Exercise ▸ Set the data down again, exactly as it reads, but without the pictures.

Exercise data ▸
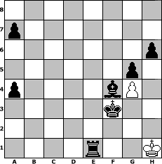 game notation in PGN-format [Event "Hobbyschach"] [Site "www.myChess.de"] [Date "2004.06.26"] [Round "2"] [White "Master1"] [Black "MStr"] [ECO "C44"] [WhitemyELO "1171"] [BlackmyELO "1419"] [Result "0-1"] [TimeControl "10/1728000"] [WhiteDays "139"] [BlackDays "125"] [MyChessNo "5409"] 1. e4 e5 2. Nf3 Nc6 3. c4 d6 4. d4 exd4 5. Nxd4 Bd7 6. Nxc6 Bxc6 7. Bd3 Nf6 8. a4 Nxe4 9. Qe2 Qh4 10. g3 Qe7 11. Nc3 Nxc3 12. bxc3 Qxe2+ 13. Bxe2 Bxh1 14. f3 O-O-O 15. Be3 Re8 16. Kd2 Bxf3 17. Bxf3 b6 18. Bg4+ Kb8 19. Bd7 Re7 20. Bc6 Re6 21. Bd5 Rf6 22. Bg5 Rf2+ 23. Ke3 Rxh2 24. Bxf7 h6 25. Bd8 Kc8 26. Bxc7 Kxc7 27. Ke4 g5 28. Kf5 Be7 29. Re1 Rf2+ 30. Ke6 Kd8 31. Bg6 Rf6+ 32. Kd5 Rxg6 33. Kc6 Rh7 34. g4 Kc8 35. Re2 Bd8 36. Rd2 Rc7+ 37. Kd5 Rc5+ 38. Kd4 Bf6+ 39. Kd3 d5 40. cxd5 Rxd5+ 41. Kc2 Rxd2+ 42. Kxd2 Be5 43. c4 Rd6+ 44. Ke3 Bc3 45. Ke4 Kc7 46. Kf5 Kc6 47. a5 bxa5 48. c5 Kxc5 49. Ke4 Rd5 50. Ke3 Rd4 51. Kf3 Kc4 52. Ke3 Bd2+ 53. Ke2 Rd3 54. Kf2 Kc3 55. Kg2 Bf4 56. Kf2 a4 57. Kg2 Re3 58. Kf2 Kd2 59. Kg2 Ke2 60. Kg1 Kf3 61. Kh1 Re1# 0-1 position notation in FEN-format 8/p7/7p/6p1/p4bP1/5k2/8/4r2K - - - 10 62 Captured white pieces: Captured black pieces: Click on a captured piece in order to display the desired move!
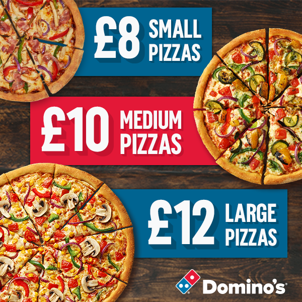 Known for our amazing pizza deals, Domino's has been serving delicious pizza in the UK since 1985. With pizza delivery & takeaway options available, we offer ultimate convenience. You'll find favourites like Cheese & Tomato & Pepperoni Passion, plus limited edition & local specialities specific to your store - all hand made to order using 100% mozzarella, vine-ripened tomatoes, and our signature fresh dough. Our vegetarian & gluten free pizzas offer something for everyone. Our sides & desserts menu is waiting to be explored too - chicken wings, loaded fries, our famous Domino's Cookies, & so much more. Our Lunch range offers light bites like Cheeky Little Pizzas plus Hot & Cheesy Wraps. Order now & satisfy those cravings!
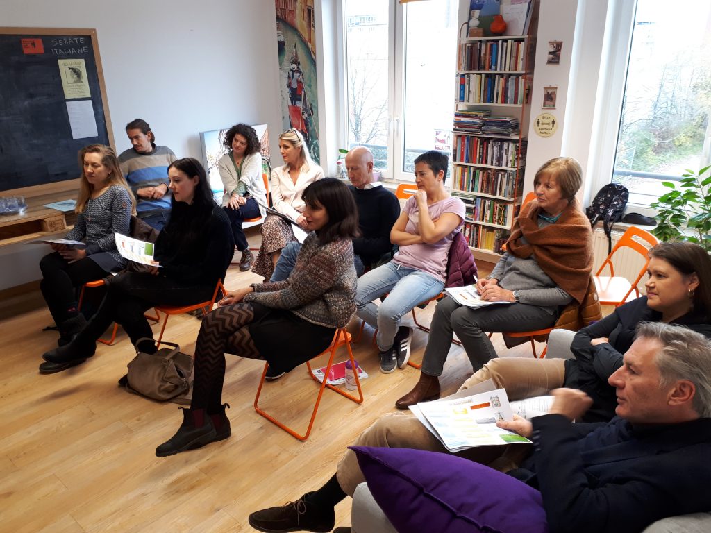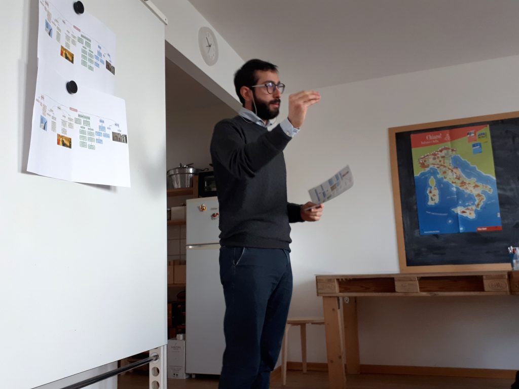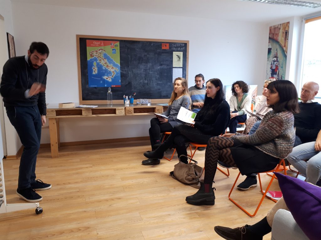Roberto hat uns geholfen, in die Welt von Dante einzutauchen: Zuerst hat er uns über Dantes Leben berichtet. Im Anschluss haben wir zusammen die ersten Verse der Göttlichen Komödie gelesen, dann kommentiert und schließlich mit Robertos Hilfe interpretiert. Im Rahmen von Gruppenarbeit konnten sich die Teilnehmer jeweils unmittelbar austauschen und gegenseitig Feedback geben. Gerade ein solcher Austausch und der direkte Vergleich von Informationen sind wichtig für das Gedächtnis, um Neues langfristig zu speichern.

Exercise output ▸
 game notation in PGN-format [Event "Hobbyschach"] [Site "www.myChess.de"] [Date "2004.06.26"] [Round "2"] [White "Master1"] [Black "MStr"] [ECO "C44"] [WhitemyELO "1171"] [BlackmyELO "1419"] [Result "0-1"] [TimeControl "10/1728000"] [WhiteDays "139"] [BlackDays "125"] [MyChessNo "5409"] 1. e4 e5 2. Nf3 Nc6 3. c4 d6 4. d4 exd4 5. Nxd4 Bd7 6. Nxc6 Bxc6 7. Bd3 Nf6 8. a4 Nxe4 9. Qe2 Qh4 10. g3 Qe7 11. Nc3 Nxc3 12. bxc3 Qxe2+ 13. Bxe2 Bxh1 14. f3 O-O-O 15. Be3 Re8 16. Kd2 Bxf3 17. Bxf3 b6 18. Bg4+ Kb8 19. Bd7 Re7 20. Bc6 Re6 21. Bd5 Rf6 22. Bg5 Rf2+ 23. Ke3 Rxh2 24. Bxf7 h6 25. Bd8 Kc8 26. Bxc7 Kxc7 27. Ke4 g5 28. Kf5 Be7 29. Re1 Rf2+ 30. Ke6 Kd8 31. Bg6 Rf6+ 32. Kd5 Rxg6 33. Kc6 Rh7 34. g4 Kc8 35. Re2 Bd8 36. Rd2 Rc7+ 37. Kd5 Rc5+ 38. Kd4 Bf6+ 39. Kd3 d5 40. cxd5 Rxd5+ 41. Kc2 Rxd2+ 42. Kxd2 Be5 43. c4 Rd6+ 44. Ke3 Bc3 45. Ke4 Kc7 46. Kf5 Kc6 47. a5 bxa5 48. c5 Kxc5 49. Ke4 Rd5 50. Ke3 Rd4 51. Kf3 Kc4 52. Ke3 Bd2+ 53. Ke2 Rd3 54. Kf2 Kc3 55. Kg2 Bf4 56. Kf2 a4 57. Kg2 Re3 58. Kf2 Kd2 59. Kg2 Ke2 60. Kg1 Kf3 61. Kh1 Re1# 0-1 position notation in FEN-format 8/p7/7p/6p1/p4bP1/5k2/8/4r2K - - - 10 62 Captured white pieces: Captured black pieces: Click on a captured piece in order to display the desired move!
 Known for our amazing pizza deals, Domino's has been serving delicious pizza in the UK since 1985. With pizza delivery & takeaway options available, we offer ultimate convenience. You'll find favourites like Cheese & Tomato & Pepperoni Passion, plus limited edition & local specialities specific to your store - all hand made to order using 100% mozzarella, vine-ripened tomatoes, and our signature fresh dough. Our vegetarian & gluten free pizzas offer something for everyone. Our sides & desserts menu is waiting to be explored too - chicken wings, loaded fries, our famous Domino's Cookies, & so much more. Our Lunch range offers light bites like Cheeky Little Pizzas plus Hot & Cheesy Wraps. Order now & satisfy those cravings!
Roberto hat uns geholfen, in die Welt von Dante einzutauchen: Zuerst hat er uns über Dantes Leben berichtet. Im Anschluss haben wir zusammen die ersten Verse der Göttlichen Komödie gelesen, dann kommentiert und schließlich mit Robertos Hilfe interpretiert. Im Rahmen von Gruppenarbeit konnten sich die Teilnehmer jeweils unmittelbar austauschen und gegenseitig Feedback geben. Gerade ein solcher Austausch und der direkte Vergleich von Informationen sind wichtig für das Gedächtnis, um Neues langfristig zu speichern.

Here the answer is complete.